Routinierter Umgang mit Covid-19-Patienten

„Wir haben inzwischen einen routinierten Umgang mit der Covid-19-Erkrankung und dem Erreger“, sagt Dr. Christoph Spinner. Neue Erkenntnisse machen die Erkrankung jeden Tag etwas besser beherrschbar. „Trotzdem wissen wir noch sehr wenig darüber, warum manche Menschen nahezu symptomfrei bleiben, während andere, selbst junge Patienten, auf der Intensivstation behandelt werden müssen und manche sterben.“ Sorge bereite außerdem, dass Covid-19-Patient*innen meist spät ins Krankenhaus kommen. „Im April – zum bisherigen Höhepunkt der Pandemie in München – hatten wir an einem einzigen Tag fünf Fälle in unserer Notaufnahme, die wenige Stunden später alle intubiert, kritisch krank in Bauchlage, auf der Intensivstation versorgt werden mussten.“ Patient*innen mit akutem Lungenversagen (ARDS) werden in Bauchlage gelagert, um die Sauerstoffversorgung zu verbessern. Von den über 200 Covid-19-Patient*innen, die bis Ende Mai am MRI stationär behandelt wurden, konnten rund 160 Menschen geheilt wieder entlassen werden.

 

Auf einer Covid-19-Intensivstation des Klinikums rechts der Isar im April 2020

Auf einer Covid-19-Intensivstation des Klinikums rechts der Isar im April 2020

Das SARS-CoV-2-Virus

„SARS-CoV-2 kann fast jede menschliche Zelle im Körper betreffen“, erklärt Spinner. „Es ist keine isolierte Erkrankung der Lunge, sondern eine virale Systemerkrankung.“ Das erklärt auch die möglichen Komplikationen. „Von der Lungenentzündung bis zur Entzündung des Herzmuskels oder des Gehirns beobachten wir sehr unterschiedliche Krankheitsbilder.“ Zunehmendes Alter und Vorerkrankungen u.a. der Lunge oder des Herz-Kreislaufsystems sind Risikofaktoren. Eines der Ziele sei es, die Patient*innen mit erhöhter Wahrscheinlichkeit für eine schwere Erkrankung schneller zu identifizieren. Dabei könne z.B. die Telecovid-Studie von Prof. Georg Schmidt helfen. Mit Hightech-Sensoren im Ohr werden rund um die Uhr die Vitalparameter von Covid-19 Erkrankten in häuslicher Isolation gemessen. Neben der Körpertemperatur werden die Sauerstoffsättigung des Blutes, Atemfrequenz und Puls überwacht und geprüft, wie gut der Körper die Auswirkungen der Erkrankung kompensieren kann.

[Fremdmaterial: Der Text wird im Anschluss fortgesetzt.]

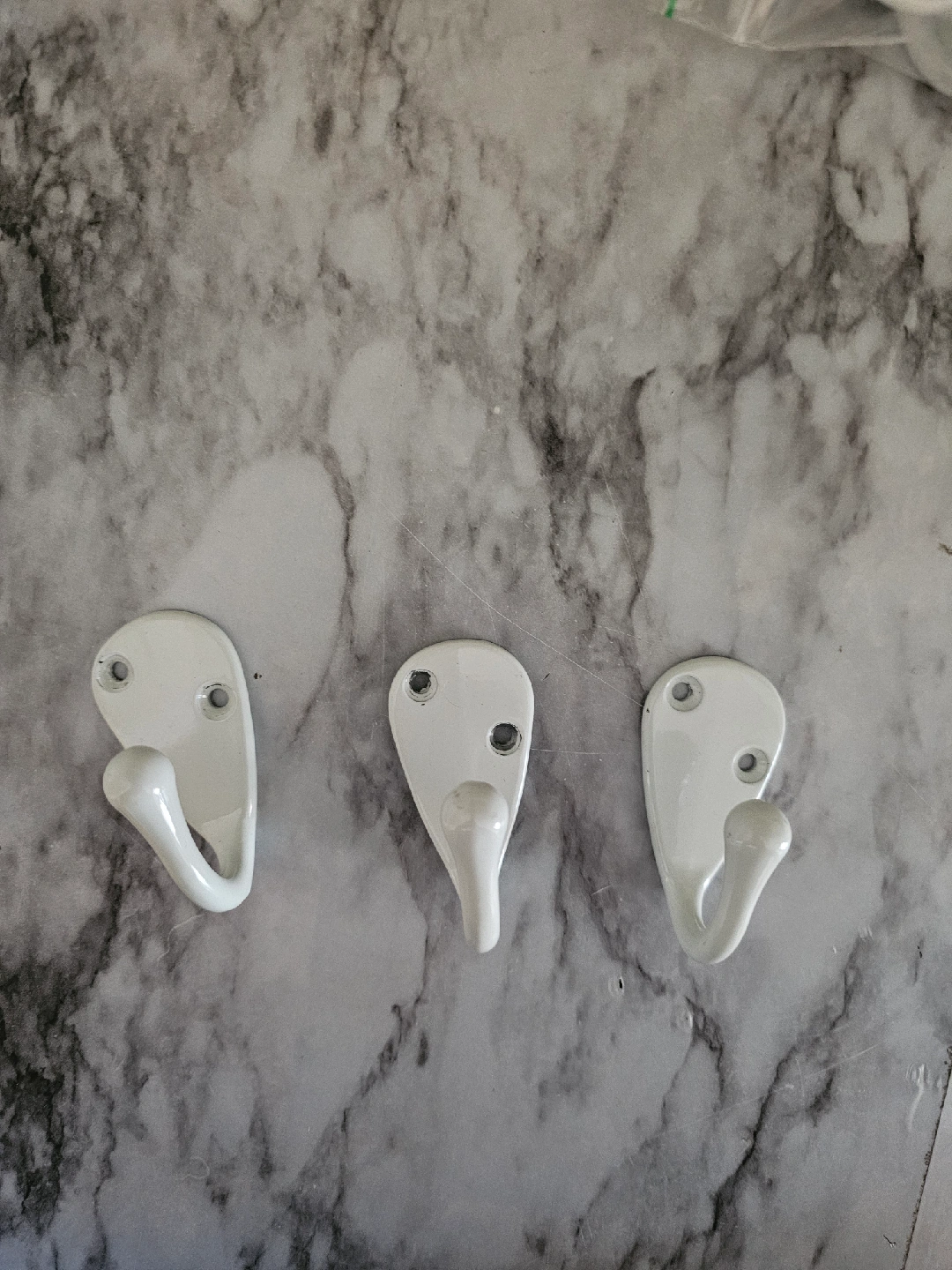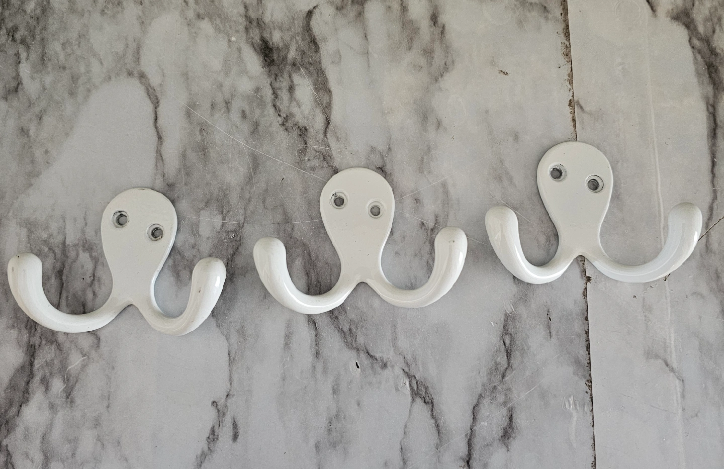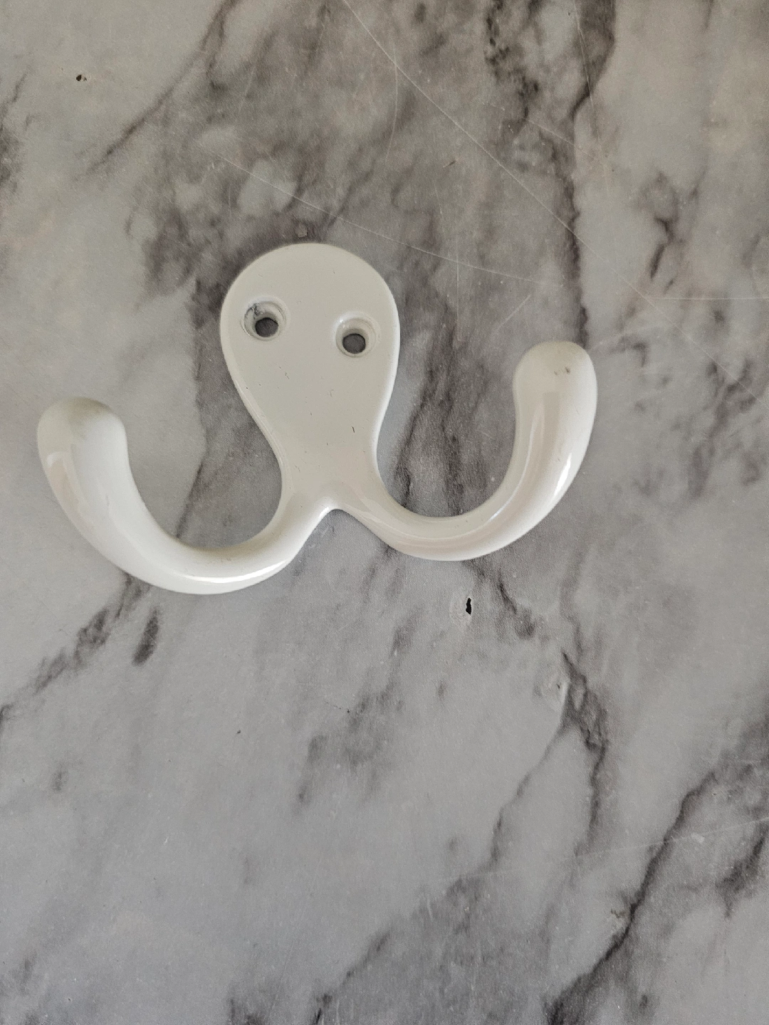 I have a bunch of white metal wall-mounted hooks for sale! They come in single and double hook styles.! These are perfect for adding extra hanging space in your closet, bathroom, or entryway. They're in great condition and ready to use. selling 3 for $5.

Intensivmedizin: Organfunktionen auf Zeit ersetzen

„Moderne Intensivmedizin bedeutet, lebensnotwendige Körper- oder Organfunktionen für einen begrenzten Zeitraum zu ersetzen“, erklärt Dr. Spinner. Mit künstlicher Beatmung bei Lungenversagen z.B., oder mittels einer Blutwäsche (Dialyse). Auch Nierenversagen kann zu den Covid-19 Komplikationen gehören, genauso wie eine überschießende Reaktion des Immunsystems auf SARS-CoV-2. Diese kann starke Entzündungsreaktionen hervorrufen und ist nur schwer in den Griff zu bekommen. „Ganz wichtig bleibt darum, dass der Körper und das Immunsystem wieder lernen, ihre Funktionen selbst zu übernehmen.“ Ob mit Spätfolgen einer SARS-CoV-2-Infektion zu rechnen sei? „In der Mehrheit der Fälle scheint die Infektion folgenlos auszuheilen“, sagt Spinner. Die Patient*innen mit komplizierten Verläufen müssten nach ihrer Genesung engmaschig untersucht werden. Erst im Rückblick einiger Zeit könne man genau sagen, ob wirklich keine Folgeschäden zurückbleiben.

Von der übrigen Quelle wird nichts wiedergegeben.